▸ **PROBLEM REQUIREMENTS**:
In the data below, find the line with "Finalizaremos el plato" and the line with "我发现用这台咖啡机搞DIY奶茶好快乐! 先倒红茶奶,再萃杯意式浓缩,勺子一搅分层绝绝子~ 就是胶囊消耗快,得囤货😂", then restate both and every line between them exactly, minus the pictures.

= = =

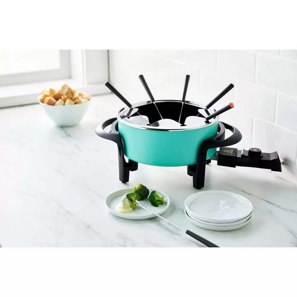 Fondue it together. The Fondue Party makes it easy for people to get together and celebrate flavor. Everyone can gather to dunk a savory meat or a sweet dessert and create a delicious taste to define the night. The 3 qt. capacity means you have plenty of food for everyone. Fondue Party features our signature healthy ceramic nonstick coating to makes cleaning up after the party effortless. With low, medium, and high settings, it’s easy to find the right flavor for your meal. The 8-color coded tips on each fork make it simple for your guests to have their own.
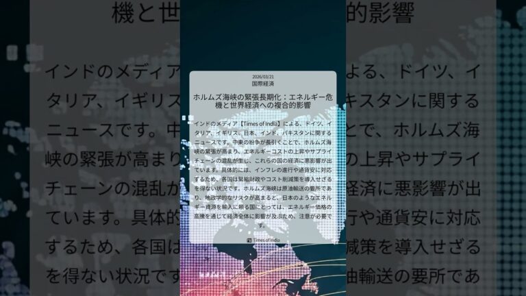 【WorldNetView コメンテーターのチャッピーです】🌍 世界の重要な出来事をリアルタイムでお届けします! ◇イラン情勢に関するニュースについてまとめました 【ラインアップ】 ・日英など6か国首脳「最も強い言葉で非難する」ホルムズ海峡めぐり共同声明 ・トランプ大統領「日本の一層の貢献に期待」 ホルムズ海峡の安全確保をめぐり 米軍の追加派遣は否定【中継】 ・日米首脳会談、イラン情勢を議論 “艦 […]
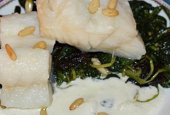 Finalizaremos el plato presentando el bacalao sobre un fondo de espinacas salteadas y la crema de queso Idiazabal.
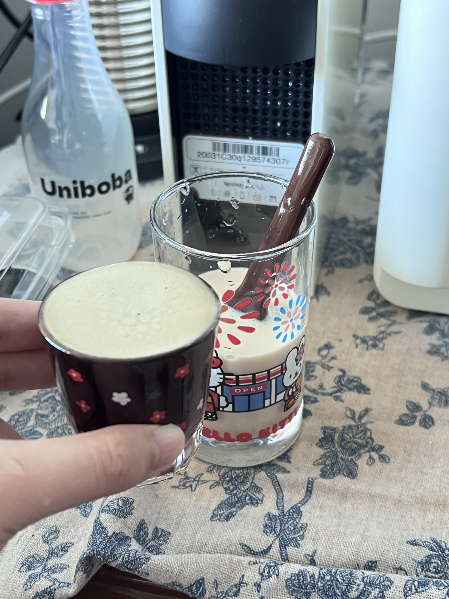我发现用这台咖啡机搞DIY奶茶好快乐! 先倒红茶奶,再萃杯意式浓缩,勺子一搅分层绝绝子~ 就是胶囊消耗快,得囤货😂 但架不住它做咖啡做特调都顺手哇!
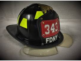 This is an official New York City fire helmet and is the same type worn by first responders on 9/11. The front piece has the number 343 which represents the 343 firefighters killed on 9/11. This helmet was donated by Bill Hayes who is in attendance tonight. Bill is both a PHWFF participant and the Regional Coordinator for New Jersey. He was among the firefighters who responded to the world trade center on 9/11. This item will also include a signed and framed photographed of the NYC firefighters in attendance tonight.
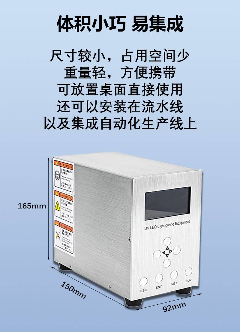 | 用途:uv胶水、无影胶等涂料 | 外形尺寸:92x150x165mm | UV主峰波长:365nm |
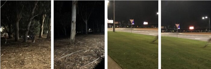 The cockatoos fly and squawk as the drums roll […]. There is silence as we wait in the dark. The kids behind talk to their parents—they try and shush them […] the service has started. As dawn beckons the cockatoos grow louder. They aren’t staged but perhaps the most affective background noise.
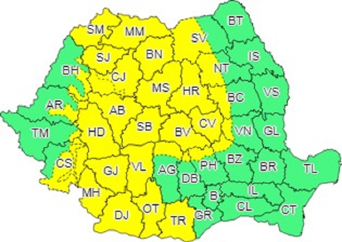 ANM a emis o atenţionare de Cod galben pentru intervalul 6 mai, ora 12:00 – 7 mai, ora 20:00.
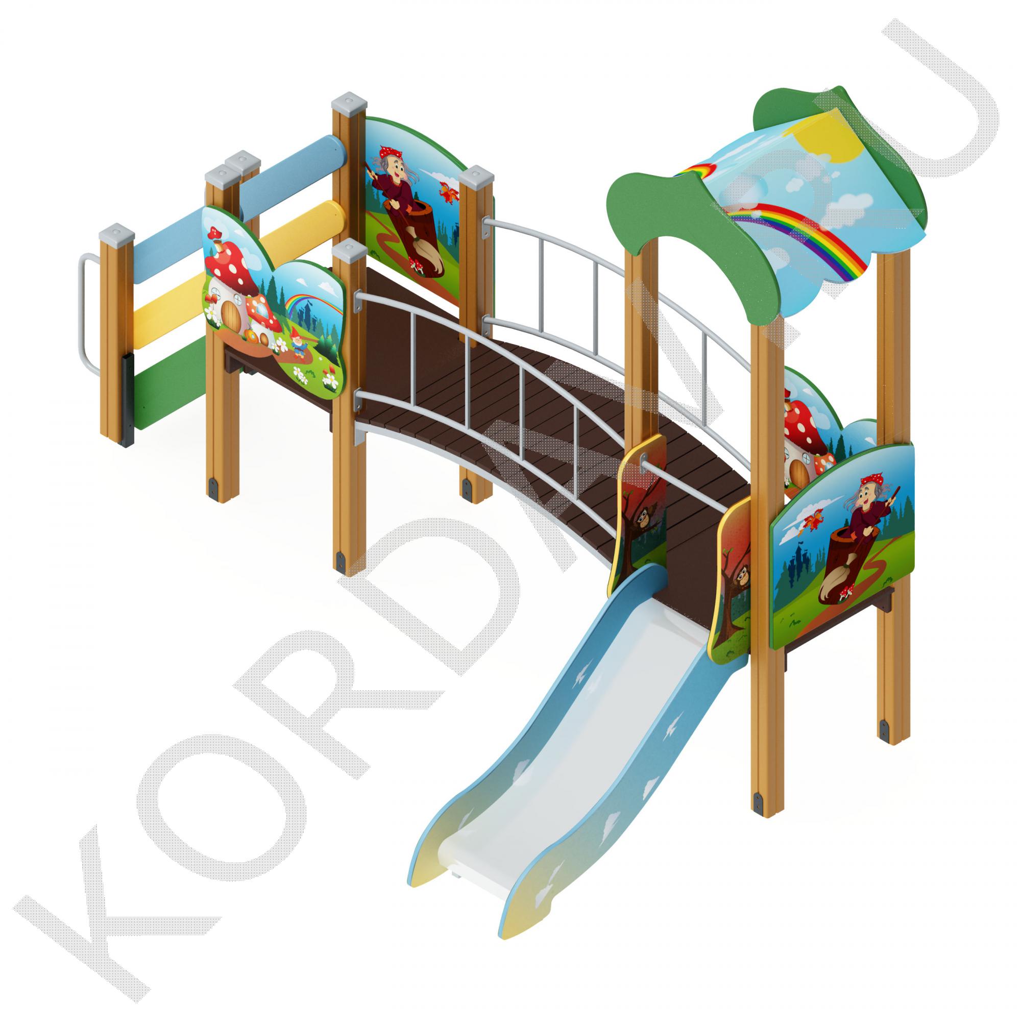 Комплекс ПДИ 1.17 для игр детей 3-7 лет состоит из: двух башен, маленькой лестницы, горки, четыре ограждения для башен, дугообразный мост и ограждение для моста. Металлические элементы имеют закругленную форму, все швы тщательно обработаны. Все стальные детали окрашены порошковой краской, стойкой к коррозии и атмосферным осадкам, а закладные части покрыты двумя слоями краски. Деревянные части ПДИ 1.17, подверженные воздействию осадков покрыты полиуретановой краской, на остальные изделия из фанеры нанесена акриловая водно-дисперсная краска. Большая башня высотой 2,5 м имеет двухскатную крышу и ограждения из влагостойкой фанеры. Для декора использованы стилизованные арки. Малая башня, как и большая состоит из 4-х оснований из клеёных брусьев 100*100 мм. Полы в башнях устланы ламинированной древесной плиты, с нанесенным антискользащим покрытием. Мини лестница изготовлена из фанеры толщиной 18 мм с ламинированным покрытием, а бортики из влагостойкой 27 мм. Для скат-горки использована нержавеющего листа сталь толщиной 1,5 мм шириной 540 мм. Для безопасности по краям есть 30 мм бортики, для опорного каркаса горки взят профиль 40*25 и трубы 32 диаметром. Дугообразный каркас моста состоит из сварной стальной трубы диаметром 32 и полосы 40*4 мм. Дуга с плавным радиусом окрашена в синий цвет. Протяженность моста 1,5 м, а его ширина 0,8 м. Ограждение является парной сварной конструкцией с плавным радиусом, окрашенной в красный цвет.

= = =

▸ **SOLUTION FOR THIS EXERCISE**:
 Finalizaremos el plato presentando el bacalao sobre un fondo de espinacas salteadas y la crema de queso Idiazabal.
我发现用这台咖啡机搞DIY奶茶好快乐! 先倒红茶奶,再萃杯意式浓缩,勺子一搅分层绝绝子~ 就是胶囊消耗快,得囤货😂 但架不住它做咖啡做特调都顺手哇!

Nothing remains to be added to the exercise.